Bien sûr, Rhino est loin de se douter où il met les pieds,
où cette rencontre fortuite va l’entraîner. Alternant le présent et le passé,
nous découvrons son quotidien en mission il y a vingt-sept en arrière et sa
volonté maintenant de venger ceux et celles qui ont subi l’impensable. On
pourrait alors lire une chasse à l’homme assez habituelle mais ce livre est
beaucoup plus travaillé que ça.
L’auteur a construit un récit aux multiples entrées, avec de
nombreux personnages (Il aurait pu être intéressant de les lister en début d’ouvrage
avec le lieu où ils interviennent mais ce n’est pas indispensable). Avec son expérience,
il peut nous expliquer les enjeux militaires, politiques, humains dont découlent
des décisions, parfois incompréhensibles quand on ignore les manipulations, les
mensonges, tout ce qui est tu pour des raisons diverses.
L’écriture est tonique, elle décrypte les événements dans un
style journalistique, qui peut sembler froid car il laisse peu de place aux
sentiments. Pourtant, le lecteur est traversé par des émotions variées surtout
si, comme moi, il s’attache à Rhino. C’est un homme à l’histoire peu ordinaire,
et j’ai trouvé excellent que sa vie personnelle soit en lien avec ce qui se
passe dans sa vie professionnelle. Il est tiraillé et peut perdre pied d’un
moment à l’autre, montrant que, finalement, il est humain tout simplement.

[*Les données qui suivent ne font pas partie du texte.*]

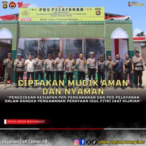 Pengecekan tersebut merupakan rangkaian persiapan matang kepolisian di wilayah hukum Polres Tanjab Timur dalam menghadapi situasi yang mungkin terjadi selama musim mudik lebaran dan arus balik, Kesiapan yang optimal dari Pos Pam dan Pos Yan diharapkan dapat memberikan rasa aman dan nyaman bagi masyarakat yang melakukan perjalanan.
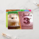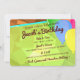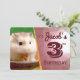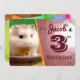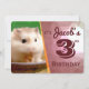 It's your birthday hamster invite card. Design with a furry white and brown hamster. The background is a colourful bright magenta geometric design. The back is decorated with colourful balloons floating up to the sky over colourful geometric shapes. Here, you can also put in detail information about the party: name, location, date, time, etc.
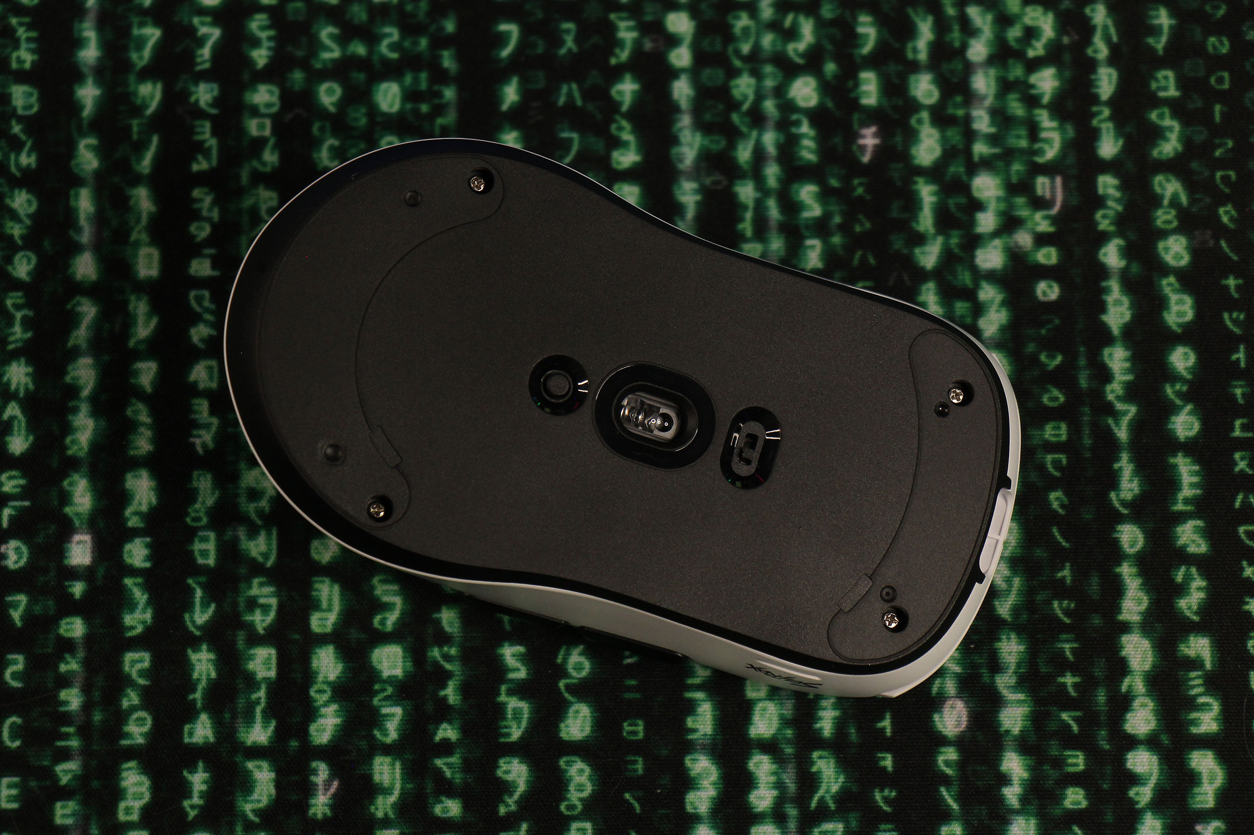 Нижняя часть содержит переключатель режимов и кнопку для переключения профилей. Оба элемента самые примитивные и это хорошо, потому что они одновременно и самые легкие! Также видны четыре винтика, которые держат мышь в собранном состоянии. И заметно их потому, что ножки поставляются отдельно от мыши.
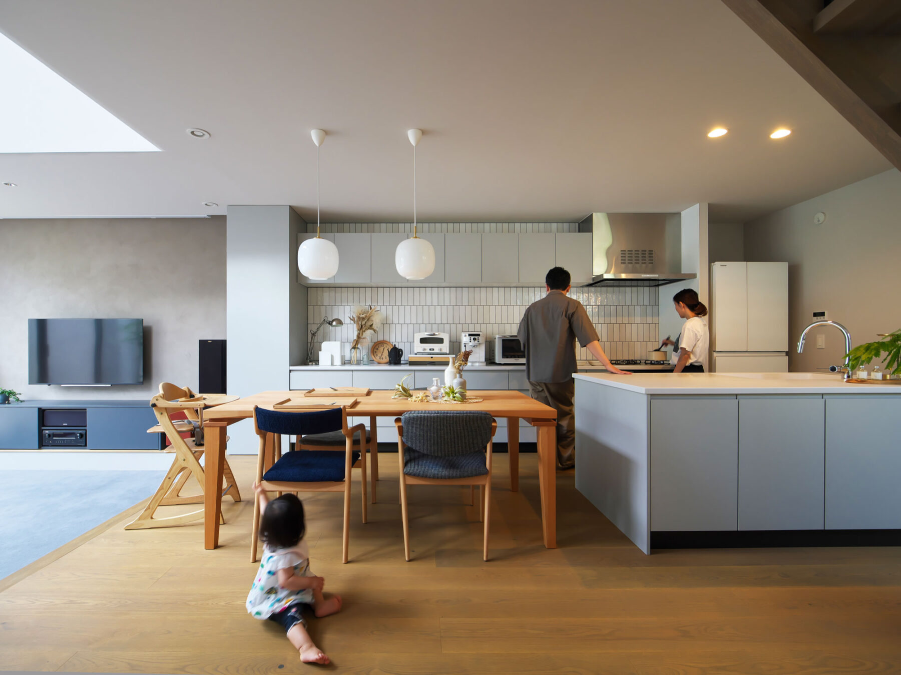 ダイニングとキッチンは直線的なレイアウトの中に適度な“隙間”を設け、行き止まりのない動線を確保。配膳や片付けがスムーズに行えるだけでなく、家族が自然に行き交う心地よい距離感が生まれています。
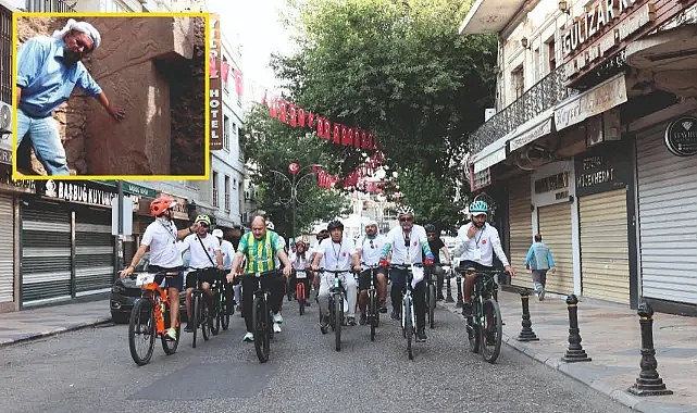 Bisikletçiler, Prof. Dr. Klaus Schmidt’in Göbeklitepe arkeolojik kazılar sırasında konakladığı Eyyübiye ilçesi Kadıoğlu Mahallesi’nde bulunan Urfa Evi evi önünde toplandı.
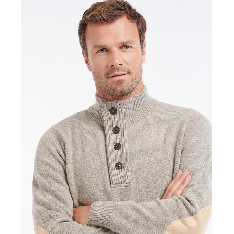 The elegant sweater features a timeless dark blue color and a mottled pattern, which adds a modern touch. Additionally, the zip/mocker neck sweater comes with a standing collar that can be fastened with both buttons and a zipper. The arms of this outdoor sweater are adorned with rugged patches that are synonymous with Barbour's classic style.
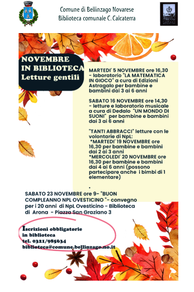 E'obbligatorio iscriversi alle iniziative entro il giorno precedente all'attività chiamando la Biblioteca allo 0321/985634 oppure scrivendo a biblioteca@comune.bellinzago.no.it. In caso di impossibilità a partecipare è gradito segnalare l'assenza alla Biblioteca.
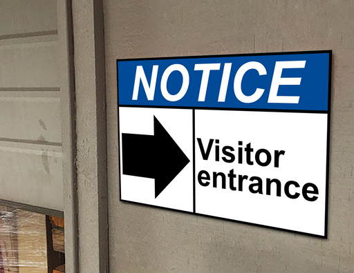 View full detailsANSI NOTICE Visitor entrance [right arrow] Sign with Symbol

C’est une lecture assez exigeante pour ne pas mélanger les
lieux, les protagonistes, mais captivante avec des rebondissements pour
maintenir le rythme et l’intérêt. Éric
Emeraux a rédigé un texte ambitieux, réfléchi et il l’a réussi sans fausse
note.
NB : une préface du général Christophe Gomart, des
références musicales, des extraits de poèmes de Rimbaud apportent un plus à ce
texte foisonnant.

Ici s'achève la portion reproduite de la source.